Could you transcribe every record below exactly as written, excluding the pictures?

[DATA EXCERPTS — start]

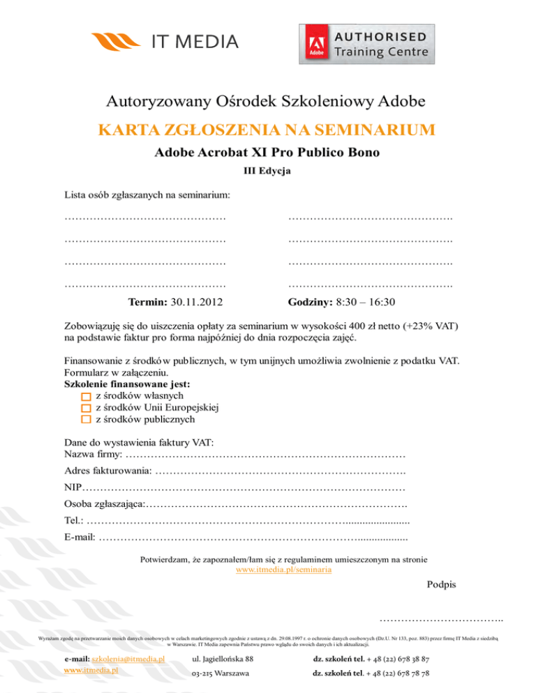 Autoryzowany Ośrodek Szkoleniowy Adobe KARTA ZGŁOSZENIA NA SEMINARIUM Adobe Acrobat XI Pro Publico Bono III Edycja Lista osób zgłaszanych na seminarium: ……………………………………… ………………………………………. ……………………………………… ………………………………………. ……………………………………… ………………………………………. ……………………………………… ………………………………………. Termin: 30.11.2012 Godziny: 8:30 – 16:30 Zobowiązuję się do uiszczenia opłaty za seminarium w wysokości 400 zł netto (+23% VAT) na podstawie faktur pro forma najpóźniej do dnia rozpoczęcia zajęć. Finansowanie z środków publicznych, w tym unijnych umożliwia zwolnienie z podatku VAT. Formularz w załączeniu. Szkolenie finansowane jest: z środków własnych z środków Unii Europejskiej z środków publicznych Dane do wystawienia faktury VAT: Nazwa firmy: …………………………………………………………………… Adres fakturowania: ……………………………………………………………. NIP……………………………………………………………………………… Osoba zgłaszająca:………………………………………………………………. Tel.: ………………………………………………………………....................... E-mail: ……………………………………………………………….................. Potwierdzam, że zapoznałem/łam się z regulaminem umieszczonym na stronie www.itmedia.pl/seminaria Podpis …………………………….. Wyrażam zgodę na przetwarzanie moich danych osobowych w celach marketingowych zgodnie z ustawą z dn. 29.08.1997 r. o ochronie danych osobowych (Dz.U. Nr 133, poz. 883) przez firmę IT Media z siedzibą w Warszawie. IT Media zapewnia Państwu prawo wglądu do swoich danych i ich aktualizacji. e-mail: [email protected] www.itmedia.pl ul. Jagiellońska 88 dz. szkoleń tel. + 48 (22) 678 38 87 03-215 Warszawa dz. szkoleń tel. + 48 (22) 678 78 78
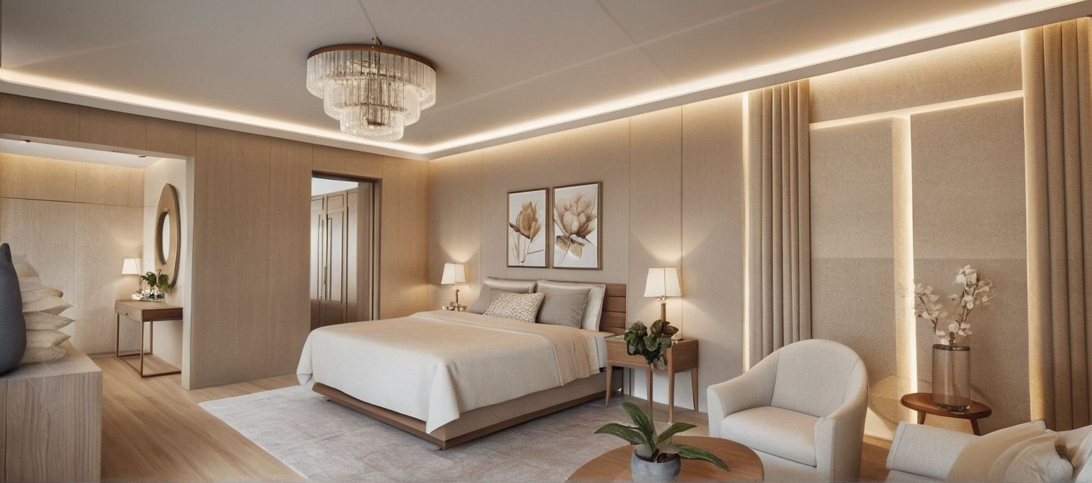 PromptLuxury modern bedroom, wood floors, beige wallpaper, iluminated inclined ceiling, modern chandelier
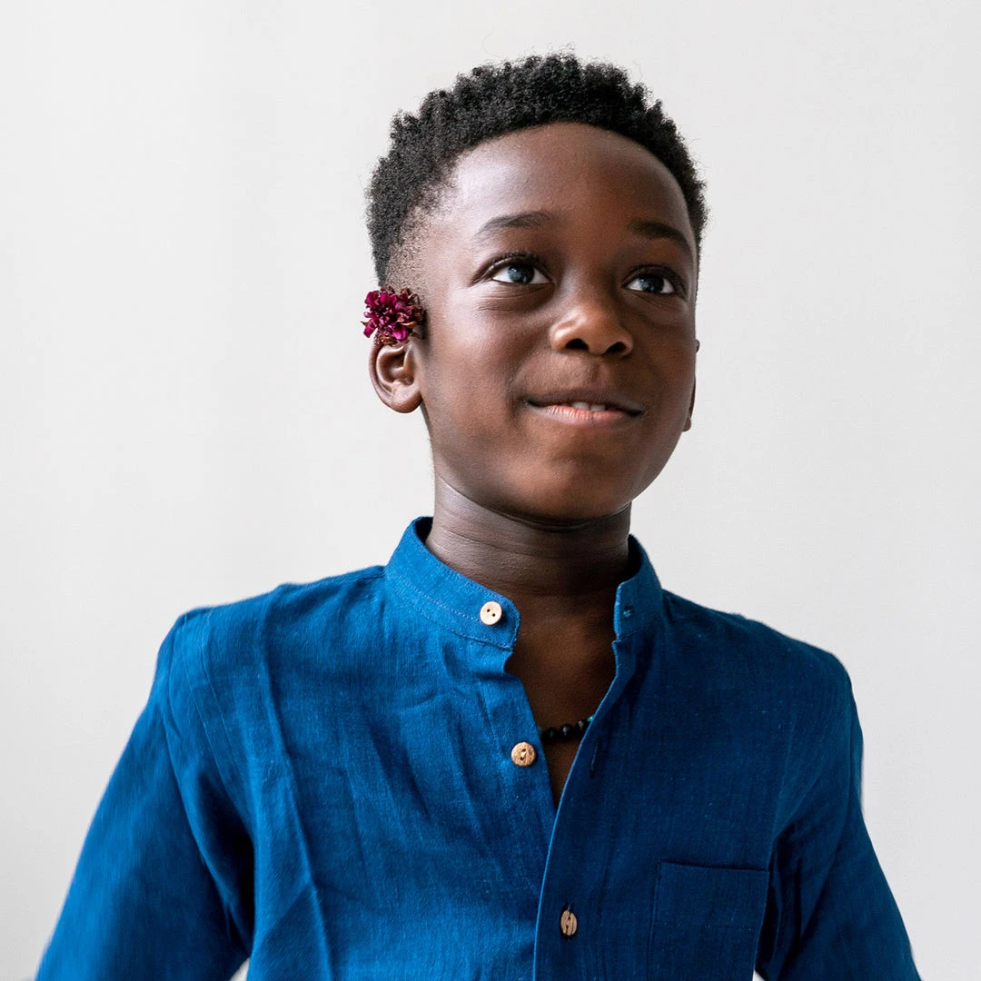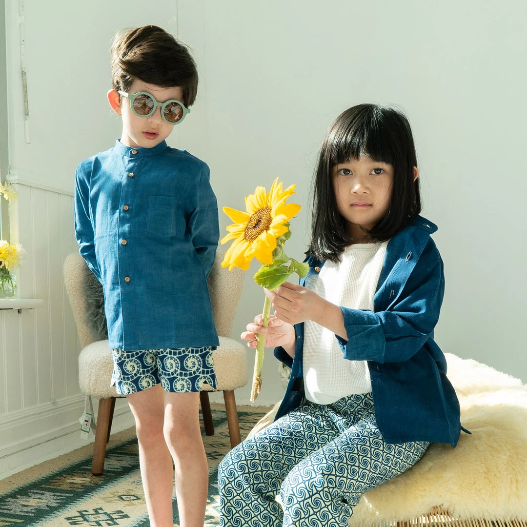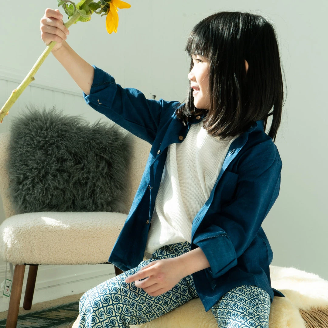 This classic and timeless shape shirt is a great all year round style. Easy to style smart or casually. Buttons down the front and at the sleeve cuffs. Available in three different Indigo shades. Each item can vary in tone as the fabric is dyed entirely by hand and in batches. This is the beauty of indigo dying as each item will be naturally unique.
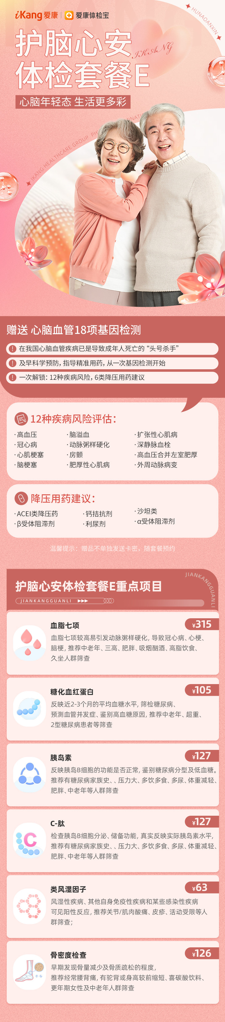 【升级血脂七项、糖化血红蛋白、胰岛素、C-肽、类风湿因子、骨密度检测】爱康 护脑心安体检套餐E(含心脑血管18项基因检测)
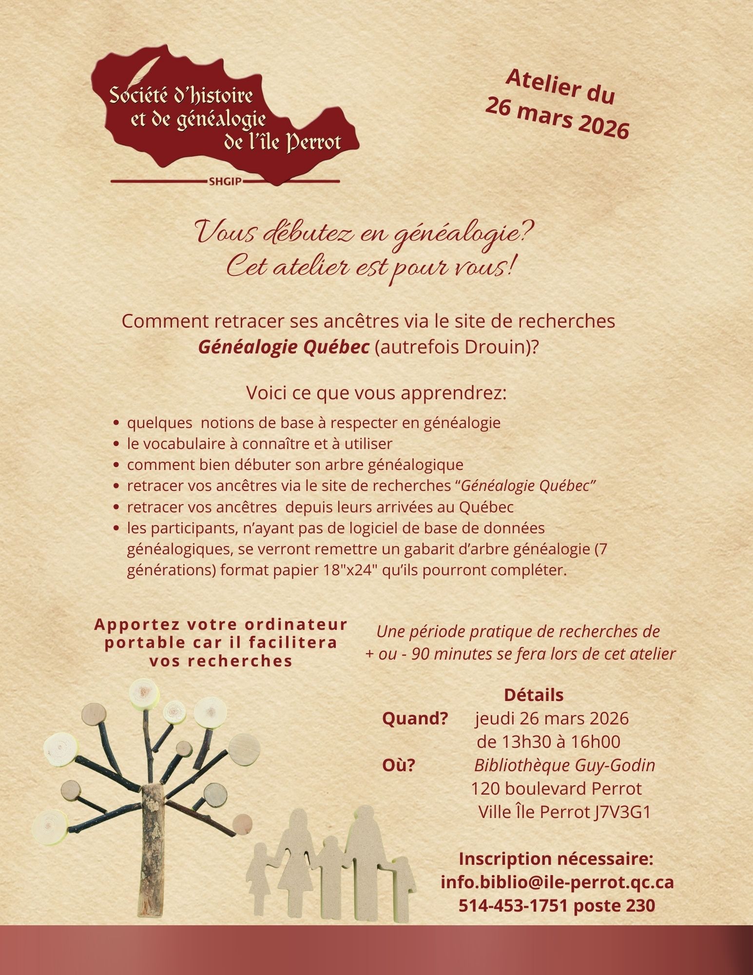 Puisqu'il y aura une période de pratique de recherches de plus ou moins 90 minutes, nous vous demandons d'apporter votre ordinateur portable car il facilitera vos recherches.
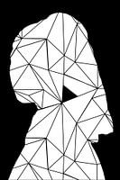 Het beroemde schilderij uit ca. 1665-1667 van de Nederlandse kunstschilder Johannes Vermeer, uit Delft, nu als moderne, abstracte kunst in zwart/wit en abstracte vormen.

[DATA EXCERPTS — finish]

ANSWER FOR THIS EXERCISE.
 Autoryzowany Ośrodek Szkoleniowy Adobe KARTA ZGŁOSZENIA NA SEMINARIUM Adobe Acrobat XI Pro Publico Bono III Edycja Lista osób zgłaszanych na seminarium: ……………………………………… ………………………………………. ……………………………………… ………………………………………. ……………………………………… ………………………………………. ……………………………………… ………………………………………. Termin: 30.11.2012 Godziny: 8:30 – 16:30 Zobowiązuję się do uiszczenia opłaty za seminarium w wysokości 400 zł netto (+23% VAT) na podstawie faktur pro forma najpóźniej do dnia rozpoczęcia zajęć. Finansowanie z środków publicznych, w tym unijnych umożliwia zwolnienie z podatku VAT. Formularz w załączeniu. Szkolenie finansowane jest: z środków własnych z środków Unii Europejskiej z środków publicznych Dane do wystawienia faktury VAT: Nazwa firmy: …………………………………………………………………… Adres fakturowania: ……………………………………………………………. NIP……………………………………………………………………………… Osoba zgłaszająca:………………………………………………………………. Tel.: ………………………………………………………………....................... E-mail: ……………………………………………………………….................. Potwierdzam, że zapoznałem/łam się z regulaminem umieszczonym na stronie www.itmedia.pl/seminaria Podpis …………………………….. Wyrażam zgodę na przetwarzanie moich danych osobowych w celach marketingowych zgodnie z ustawą z dn. 29.08.1997 r. o ochronie danych osobowych (Dz.U. Nr 133, poz. 883) przez firmę IT Media z siedzibą w Warszawie. IT Media zapewnia Państwu prawo wglądu do swoich danych i ich aktualizacji. e-mail: [email protected] www.itmedia.pl ul. Jagiellońska 88 dz. szkoleń tel. + 48 (22) 678 38 87 03-215 Warszawa dz. szkoleń tel. + 48 (22) 678 78 78
 PromptLuxury modern bedroom, wood floors, beige wallpaper, iluminated inclined ceiling, modern chandelier
 This classic and timeless shape shirt is a great all year round style. Easy to style smart or casually. Buttons down the front and at the sleeve cuffs. Available in three different Indigo shades. Each item can vary in tone as the fabric is dyed entirely by hand and in batches. This is the beauty of indigo dying as each item will be naturally unique.
 【升级血脂七项、糖化血红蛋白、胰岛素、C-肽、类风湿因子、骨密度检测】爱康 护脑心安体检套餐E(含心脑血管18项基因检测)
 Puisqu'il y aura une période de pratique de recherches de plus ou moins 90 minutes, nous vous demandons d'apporter votre ordinateur portable car il facilitera vos recherches.
 Het beroemde schilderij uit ca. 1665-1667 van de Nederlandse kunstschilder Johannes Vermeer, uit Delft, nu als moderne, abstracte kunst in zwart/wit en abstracte vormen.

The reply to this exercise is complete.